Sometimes homology transfer results in biologically implausible annotations such as predicting an organ in plants that only exists in animals. Per a user request, we have implemented a set of taxonomic branch specific GO subsets. These limit the GO predictions only to GO terms occurring in manually curated annotations in fungi, plants, vertebrates, arthropods or bacteria, respectively. This branch specific GO filter is off by default.
2.3. Outputs
Pannzer predicts short descriptions (DE), GO‐terms, gene names, EC classes and KEGG pathways. The web server produces nested tables for browsing (Figure 2) and a tabular format for downloading. PANNZER returns Positive Predictive Value, PPV, as a reliability estimate. PPV estimates the probability of the annotation being correct. Here, correct descriptions are a short TF‐IDF distance (see 15 ) from the most precise terms in the ground truth as given by the Uniprot database.

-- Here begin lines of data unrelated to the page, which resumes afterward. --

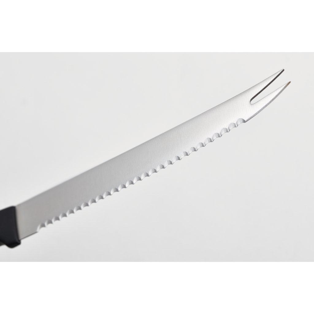 Ce couteau à lame dentelée tranche les tomates les plus mûres aussi finement que vous le souhaitez. La pointe fourchue est idéale pour le service. Ce couteau fait partie de la série Gourmet, dans laquelle vous trouverez des couteaux non forgés, affûtés avec une technologie spéciale qui garantit un tranchant extrême. Les poignées moulées sont en matière synthétique et il n'y a pas d'espace entre la poignée et l'acier pour des raisons d'hygiène, la connexion est rivetée. Les couteaux sont parfaitement équilibrés et tiennent confortablement dans la main.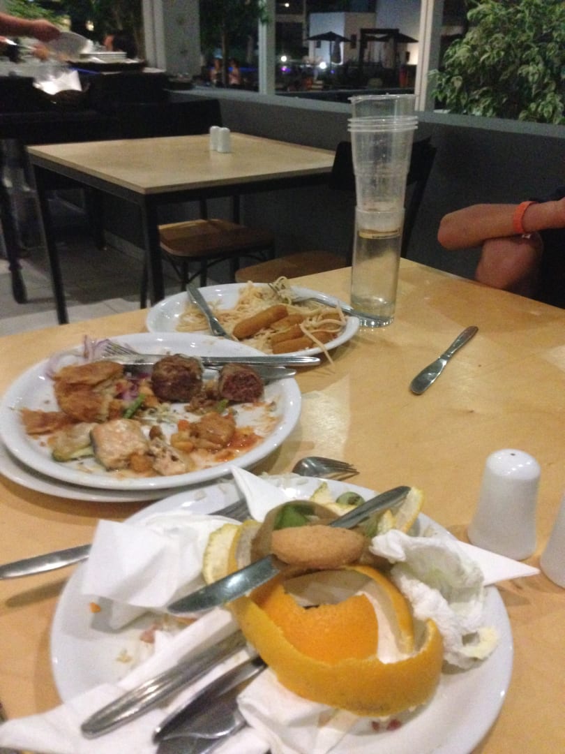 Überall volle Tische mit Geschirr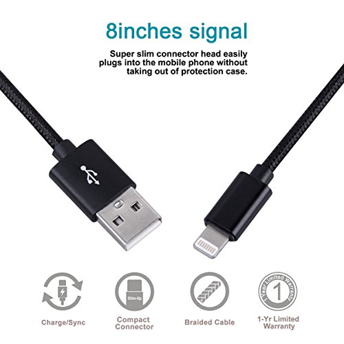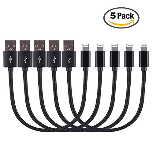 Short Lightning Cables [5 Pack 8 inches] BUENTEK Nylon Braided Lightning to USB Cable Sturdy Charging Cord for iPhone 7, iPhone 6, iPad, iPod and other Apple devices - Black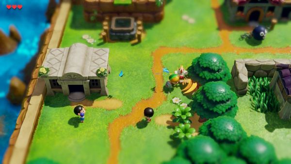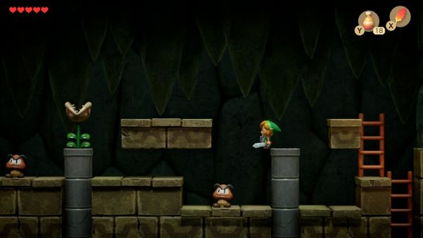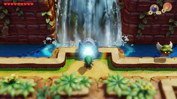 值得注意的是,大地圖畫面的上下邊緣有一種刻意做出的朦朧效果,房間和迷宮裡並沒有這種效果,不知是為了突出遊戲主題,還是考慮到大地圖的性能優化問題。在GB版本中,大地圖被分割成了很多16*16的小型區域,需要切屏才能進入下一個區域,而NS重製版直接做成了一張無縫銜接的大地圖,的確讓玩家方便了不少。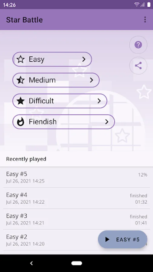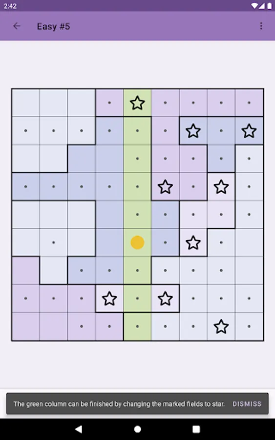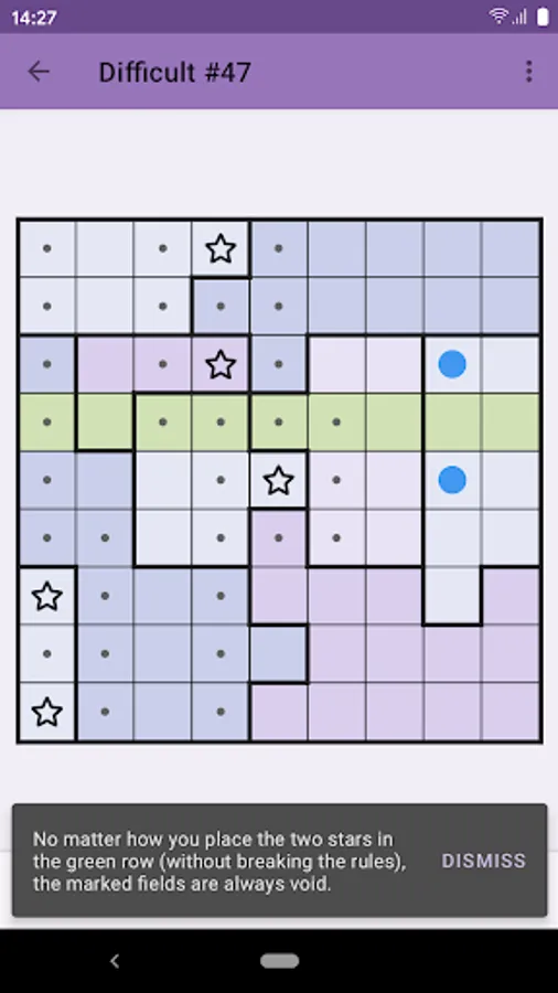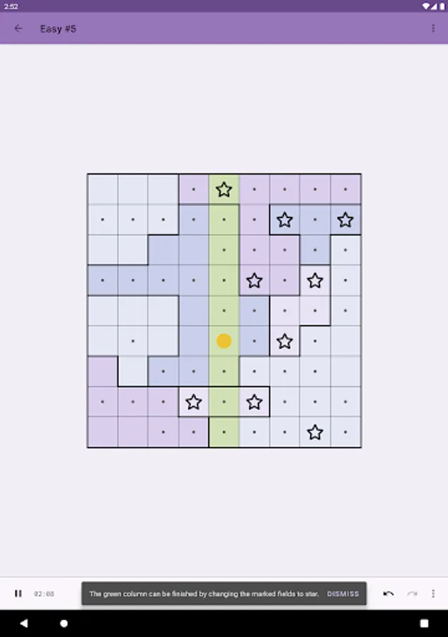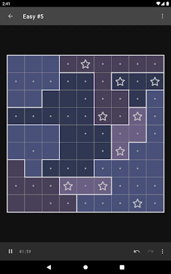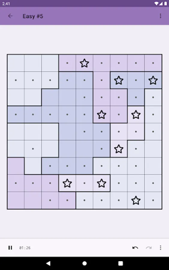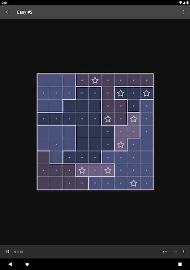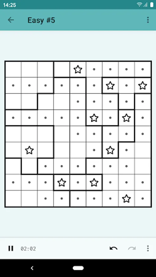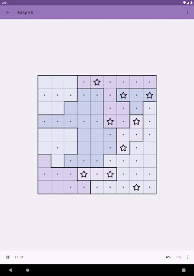 Star Battle (also known as "Two Not Touch") is a challenging logic puzzle. Place two stars in every row, in every column, and in every region, but make sure that the stars do not touch! Each puzzle has only one solution, which can be reached with logic reasoning, no guessing needed!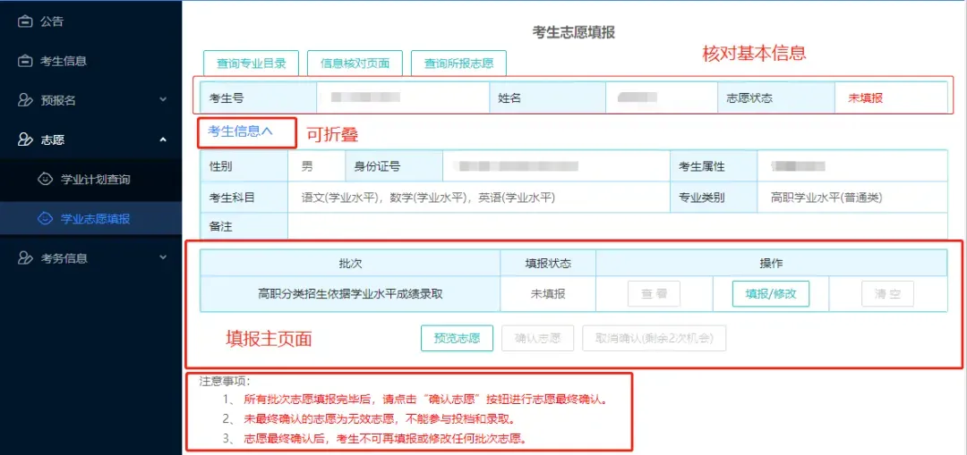 6.关于志愿修改:如未进行网上志愿确认,规定期间内(3月12日14:00至16日12:00)可多次修改所填报的志愿;首次“确认志愿”后,如有需要可最多进行2次取消志愿确认,修改志愿并重新确认志愿的机会。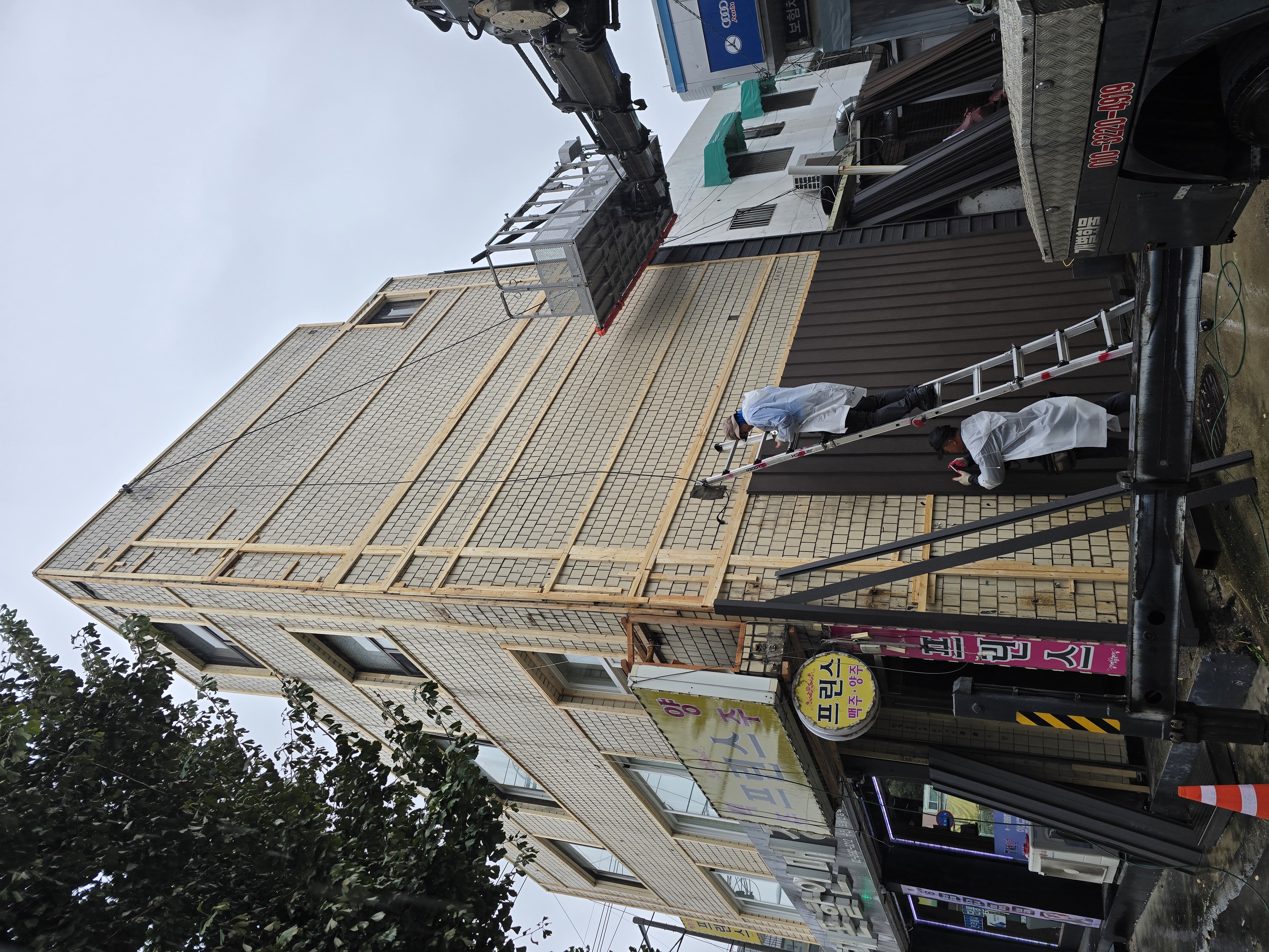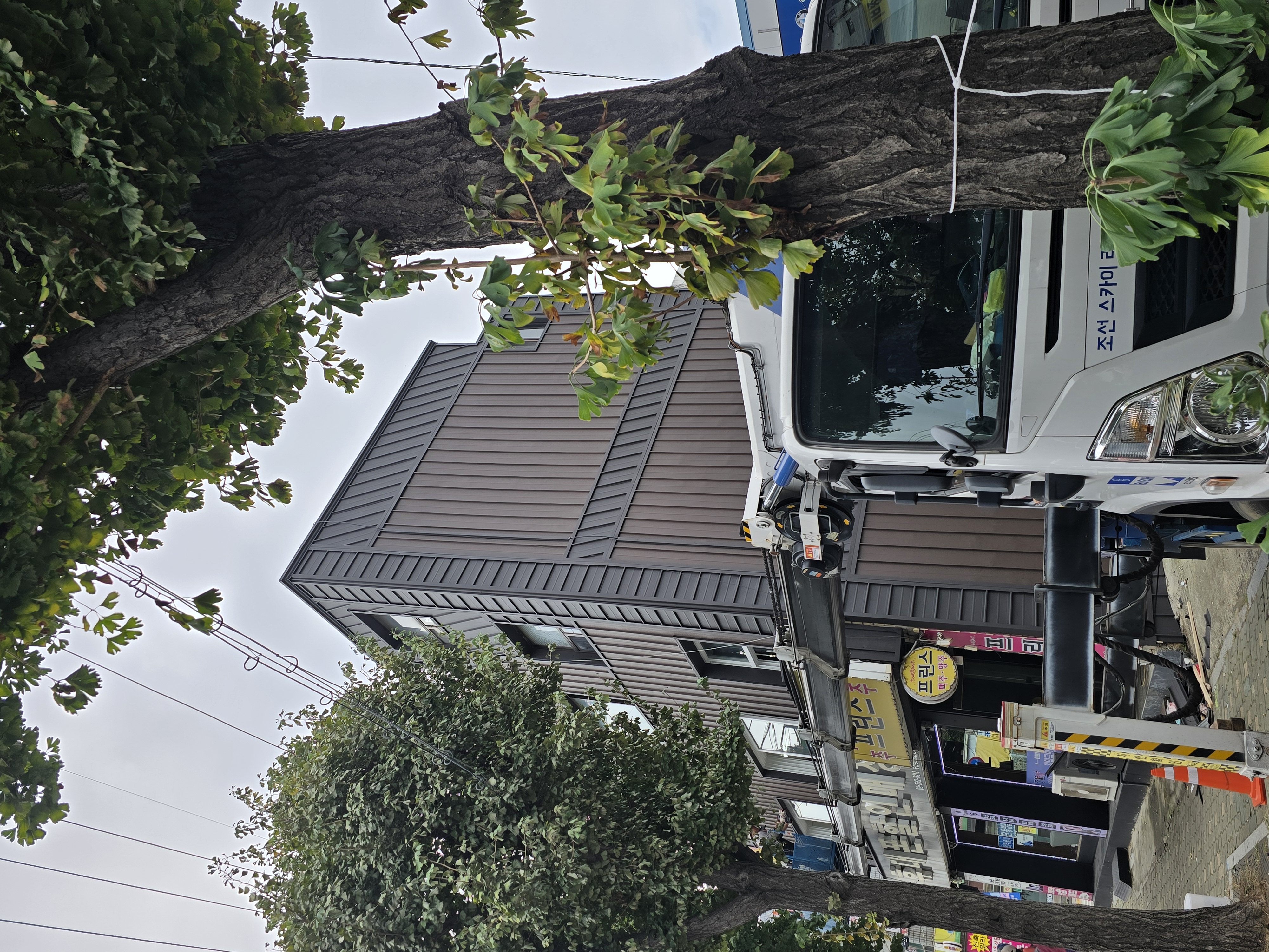 서울시 방화동. 칼라강판V250징크로 노후된 외벽을 리모델링함.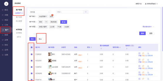 移动商城电脑端后台-客户-客户管理-全部客户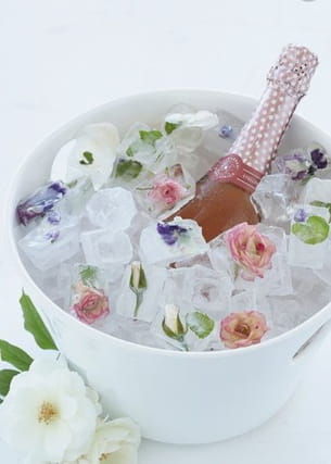 Pour être dans l'esprit "garden party" jusque dans les moindres détails, réalisez des glaçons avec des fleurs comestibles. Dans un seau à champagne ou dans des cocktails, cette idée déco fera son petit effet !

The Uniprot database only reports the most specific terms of a protein, leaving out the implicit parent terms. Pannzer predictions for a query protein are targeted to these biologically most informative GO terms. Note that our definition of correct annotations differs from the probability of class membership of any and all GO classes in the GO hierarchy, which is evaluated, for example, in CAFA. 21 , 23 , 24
2.4. Web server
PANNZER2 provides a fast, publically accessible web server for functional annotation. 22 PANNZER2 uses SANSparallel for high‐performance homology searches, making bulk annotation based on sequence similarity practical. It accepts query sets up to 100,000 protein sequences. Its throughput exceeds 1 M query sequences per day, roughly corresponding to 200 bacterial genomes or 10 eukaryotic transcriptomes. The results can be either downloaded for local post‐processing or browsed via a web application. PANNZER2 outputs both GO and DE predictions. The web server front‐end provides links to homology search results for each query sequence, enabling users to see how predictions were derived.
2.5. Software
PANNZER2 is implemented in a Python framework called SANSPANZ. The SANSPANZ framework frees method developers from data management, as homology searches and fetching metadata can be delegated to remote servers, though it is also possible to install the servers locally. The framework includes “functors” performing computations on data frames. For example, SANSPANZ includes implementations of the scoring functions from ARGOT, 16 BLAST2GO 32 and PANNZER, 15 as well as hypergeometric enrichment and best informative hit. Novel application workflows are implemented by chaining “functors” one after another. PANNZER2 15 and AAI‐profiler for taxonomic profiling 33 are fully integrated into SANSPANZ, while LazyPipe for virus identification 34 is partly built on it. SANSPANZ is open source (http://ekhidna2.biocenter.helsinki.fi/sanspanz/#tab-2).
2.6. Data servers
Both the SANSparallel server and DictServer are maintained by our group. The SANSparallel server takes a protein sequence as input and returns a list of similar sequences from the Uniprot database. Both GO annotations and free text descriptions are gathered for each search result by calling the DictServer. The DictServer is a store of key/value pairs. The servers work locally as a client–server or they can be accessed remotely via CGI. We keep a local copy of the databases used by PANNZER2 (Appendix A). The databases are updated on a regular schedule, ensuring that predictions benefit from new data. Our database update cycle is synchronized with the bimonthly new releases of the Uniprot database. The Uniprot database is mirrored from EBI, indexed and imported to the SANSparallel server. GOA annotations, the GO structure and taxonomy lists are downloaded and imported to the DictServer with recomputed background statistics for DE and GO enrichment analysis.
3. RESULTS
3.1. Case study 1: data conflicts
Database annotations have varying quality. Here, we have deliberately chosen an example, which does not run smooth in Pannzer analysis. The example is a predicted L‐galactonate dehydratase‐like protein from the cork oak (Quercus suber) genome assembly CorkOak1.0. 35 The protein sequence (Appendix B) was submitted to the Pannzer web server (Figure 2). Clicking the “search” link in the web server output calls the SANSparallel server and displays the sequence neighborhood on which the predictions are based. Surprisingly, the sequence neighborhood consists of proteins from unexpected taxa: they are all fungi. This is not an isolated case, either. Taxonomic profiling by PANNZER2's companion tool, AAI‐profiler, 33 shows that 21% of the proteins predicted from the cork oak genome have a closest match in fungi. The proteome is 97% complete with respect to BUSCO's single‐copy ortholog set for Ascomycota and 96% complete with respect to that for eudicots. 36 We conclude that the cork oak genome assembly includes a fungal co‐isolate.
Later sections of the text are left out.